Material for the task:
=== Begin Enclosure ===
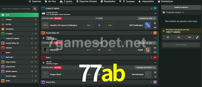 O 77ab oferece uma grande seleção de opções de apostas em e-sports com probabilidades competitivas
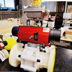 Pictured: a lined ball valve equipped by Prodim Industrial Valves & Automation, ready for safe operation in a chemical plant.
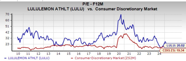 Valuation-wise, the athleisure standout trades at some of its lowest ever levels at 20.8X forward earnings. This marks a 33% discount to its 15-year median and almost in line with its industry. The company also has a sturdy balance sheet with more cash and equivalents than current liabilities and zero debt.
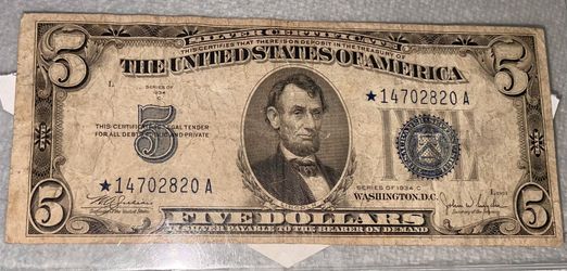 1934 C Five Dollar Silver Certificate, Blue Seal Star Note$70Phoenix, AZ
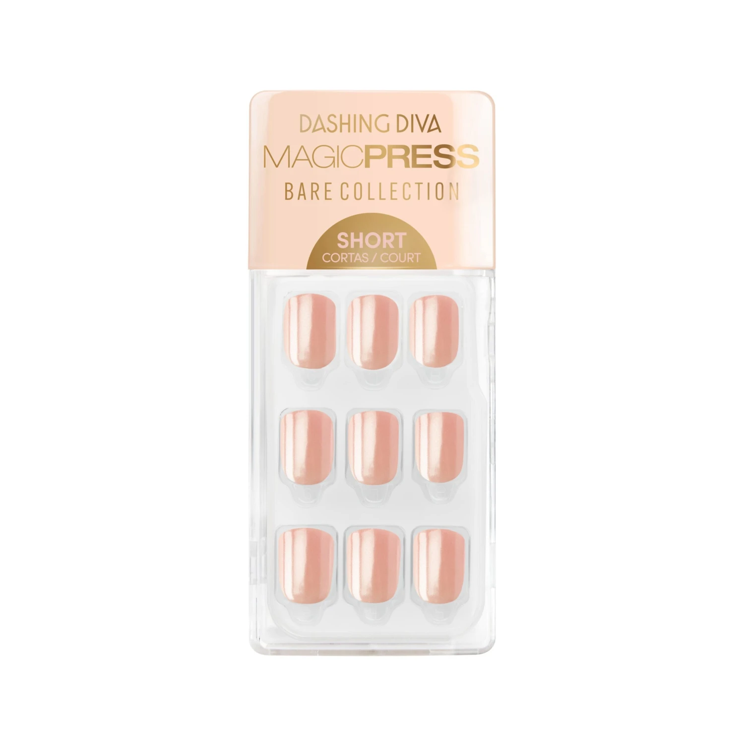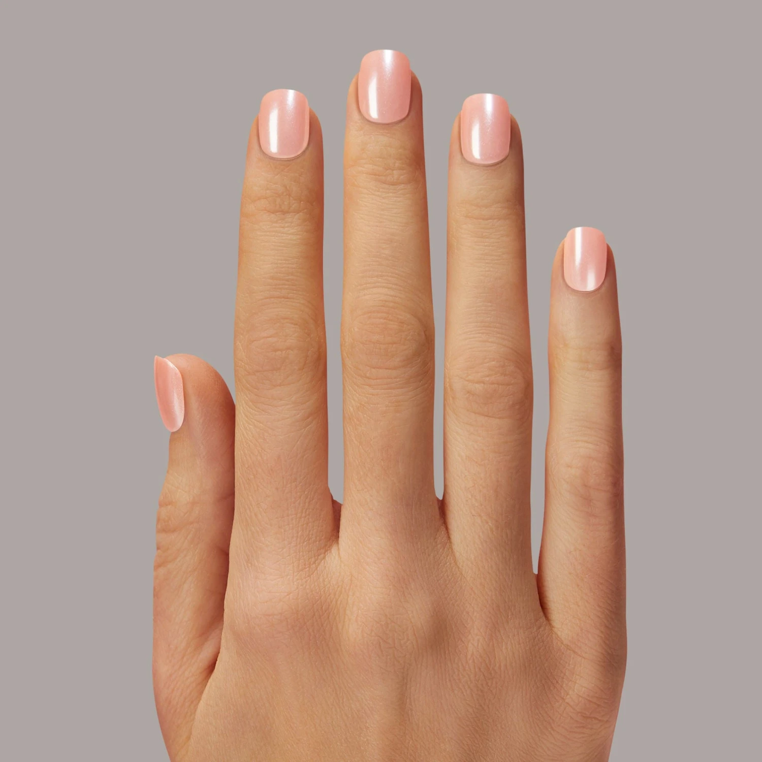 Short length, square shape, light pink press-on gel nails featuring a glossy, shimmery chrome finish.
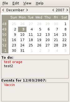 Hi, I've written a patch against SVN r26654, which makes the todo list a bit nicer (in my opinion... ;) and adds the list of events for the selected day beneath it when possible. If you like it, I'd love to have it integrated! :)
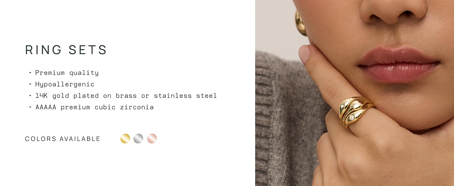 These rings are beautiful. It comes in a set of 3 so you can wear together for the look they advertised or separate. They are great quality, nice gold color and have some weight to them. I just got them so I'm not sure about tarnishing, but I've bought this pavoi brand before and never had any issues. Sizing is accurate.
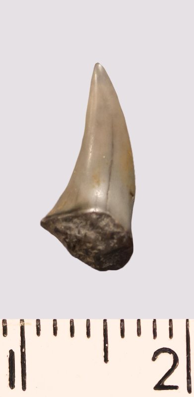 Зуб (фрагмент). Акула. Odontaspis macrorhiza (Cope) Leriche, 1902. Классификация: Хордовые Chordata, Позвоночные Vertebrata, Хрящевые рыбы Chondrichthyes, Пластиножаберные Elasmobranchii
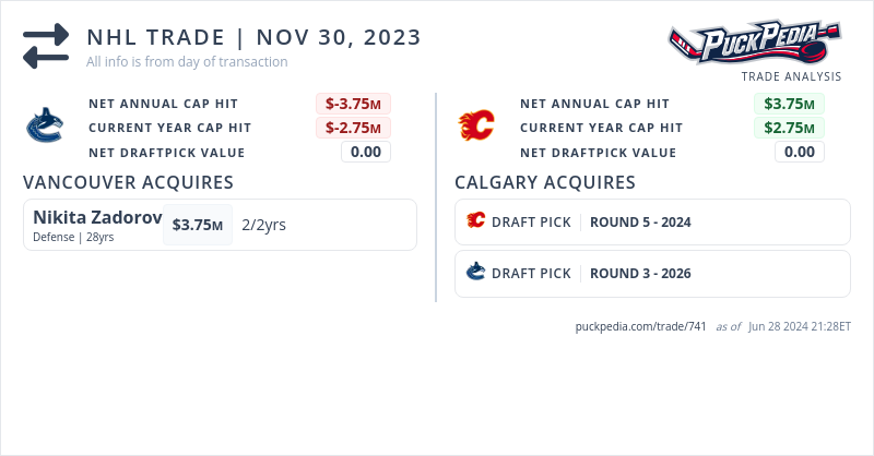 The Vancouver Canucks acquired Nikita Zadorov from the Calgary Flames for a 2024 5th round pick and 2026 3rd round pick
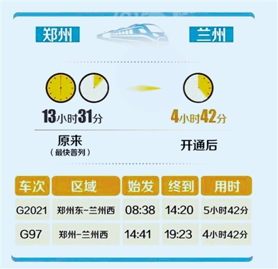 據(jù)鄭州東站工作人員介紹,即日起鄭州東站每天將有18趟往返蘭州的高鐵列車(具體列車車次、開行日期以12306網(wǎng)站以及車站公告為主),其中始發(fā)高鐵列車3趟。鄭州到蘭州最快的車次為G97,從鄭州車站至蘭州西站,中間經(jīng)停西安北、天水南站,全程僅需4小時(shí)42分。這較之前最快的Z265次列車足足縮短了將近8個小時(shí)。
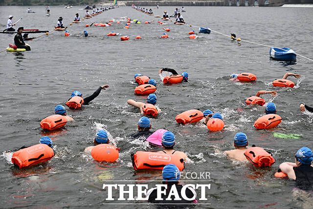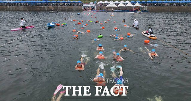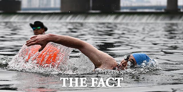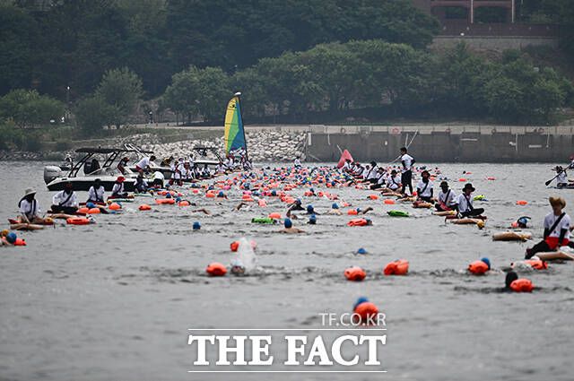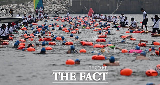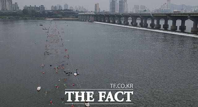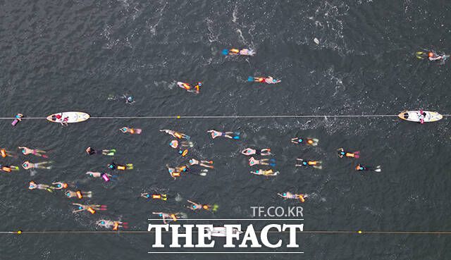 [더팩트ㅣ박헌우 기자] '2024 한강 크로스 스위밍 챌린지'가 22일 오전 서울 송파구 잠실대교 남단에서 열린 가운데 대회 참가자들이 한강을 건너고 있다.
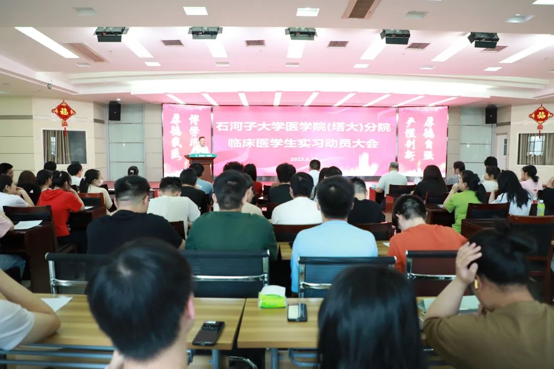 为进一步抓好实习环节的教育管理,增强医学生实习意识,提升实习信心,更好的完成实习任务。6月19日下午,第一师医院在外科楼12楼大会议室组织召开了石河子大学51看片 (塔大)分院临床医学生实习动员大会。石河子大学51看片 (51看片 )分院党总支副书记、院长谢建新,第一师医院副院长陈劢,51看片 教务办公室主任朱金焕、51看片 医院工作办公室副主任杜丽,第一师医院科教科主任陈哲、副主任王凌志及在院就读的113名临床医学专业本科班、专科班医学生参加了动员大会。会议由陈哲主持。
=== End Enclosure ===
Exercise prompt: Transcribe, word for word, the lines of the listing above from the one that contains "Pictured: a lined" through the one that contains "These rings are", keeping both ends and dropping the pictures.

Response below:
 Pictured: a lined ball valve equipped by Prodim Industrial Valves & Automation, ready for safe operation in a chemical plant.
 Valuation-wise, the athleisure standout trades at some of its lowest ever levels at 20.8X forward earnings. This marks a 33% discount to its 15-year median and almost in line with its industry. The company also has a sturdy balance sheet with more cash and equivalents than current liabilities and zero debt.
 1934 C Five Dollar Silver Certificate, Blue Seal Star Note$70Phoenix, AZ
 Short length, square shape, light pink press-on gel nails featuring a glossy, shimmery chrome finish.
 Hi, I've written a patch against SVN r26654, which makes the todo list a bit nicer (in my opinion... ;) and adds the list of events for the selected day beneath it when possible. If you like it, I'd love to have it integrated! :)
 These rings are beautiful. It comes in a set of 3 so you can wear together for the look they advertised or separate. They are great quality, nice gold color and have some weight to them. I just got them so I'm not sure about tarnishing, but I've bought this pavoi brand before and never had any issues. Sizing is accurate.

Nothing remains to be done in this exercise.